Innovationspreis für Ökobilanz-Forschung zu Composites

Innovationspreis für Ökobilanz-Forschung zu Composites

Die Preisträgerin Kathrin Kirchmeier (Mitte) mit Thomas Dörflinger (links) und Simon Kastl (rechts), dahinter links Hans Rausch, Vorsitzender der Forschungsvereinigung Neue Materialen und Prof.
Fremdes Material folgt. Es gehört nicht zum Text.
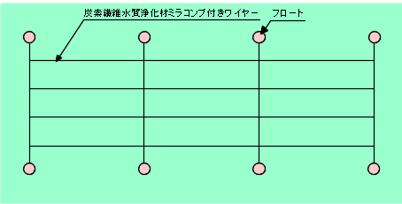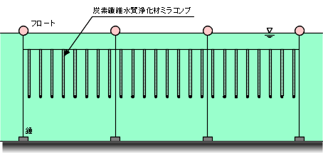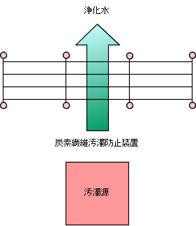 | 特定の水質汚濁発生源に対して、あるいは特定の施設に対する汚濁防止対策として、炭素繊維汚濁防止装置を汚濁源との間に設置することにより海洋汚濁防止を図ります。 |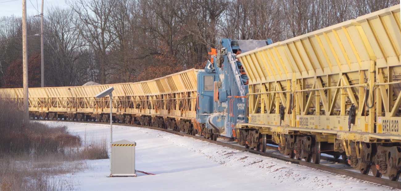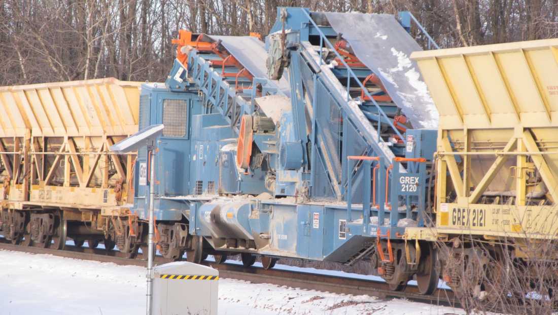 The unloader is interesting and I have never seen one in use. That's a very steep belt to elevate ballast. I suppose the second conveyor swings to either side to finally place the ballast. |

Volker Altstädt, Geschäftsführer der Neue Materialien Bayreuth. (Quelle: NMB)

Der Innovationspreis 2021 der Forschungsvereinigung Neue Materialien e. V. geht an Kathrin Kirchmeier von der Universität Bayreuth für ihre Arbeit zu einer ökobilanziellen Bewertung von Composites im Leichtbau. Der interne Preis zeichnet Studierende aus, die beim Kompetenzzentrum  Neue Materialien Bayreuth ihre Abschlussarbeiten zu materialbasierten Themen angefertigt haben.

Für Leichtbauteile stellt sich oftmals die Frage, ob der Energieeinsatz für das Herstellen der Materialien und Formteile gegenüber den potenziellen Einsparungen durch die Nutzung von Leichtbau gerechtfertigt ist. In ihrer ausgezeichneten Bachelorarbeit hat Kirchmeier eine ökobilanzielle Betrachtung durchgeführt, die quantitative Aussagen zur Nachhaltigkeitsbewertung von Faserverbundstrukturen ermöglicht. Betreut wurde sie von   Prof. Volker Altstädt vom Lehrstuhl Polymere Werkstoffe an der Universität Bayreuth und   Mathias Mühlbacher, Teamleiter Faserverbunde, Neue Materialien Bayreuth.

Ebenfalls für herausragende Beiträge wurden Simon Kastl für seine Bachelorarbeit „Prozess-Struktur-Transparenz Zusammenhang additiv gefertigter amorpher Thermoplasten im Arburg Kunststoff Freiformen“ an der Universität Bayreuth sowie Thomas Dörflinger für seine Bachelorarbeit „Untersuchung zum Einfluss der Oberflächenvorbehandlung von 3D-Kunststoff- Werkzeugeinsätzen auf die Haftfestigkeit von lichtbogengespritzten Schichten“ an der Hochschule Hof geehrt.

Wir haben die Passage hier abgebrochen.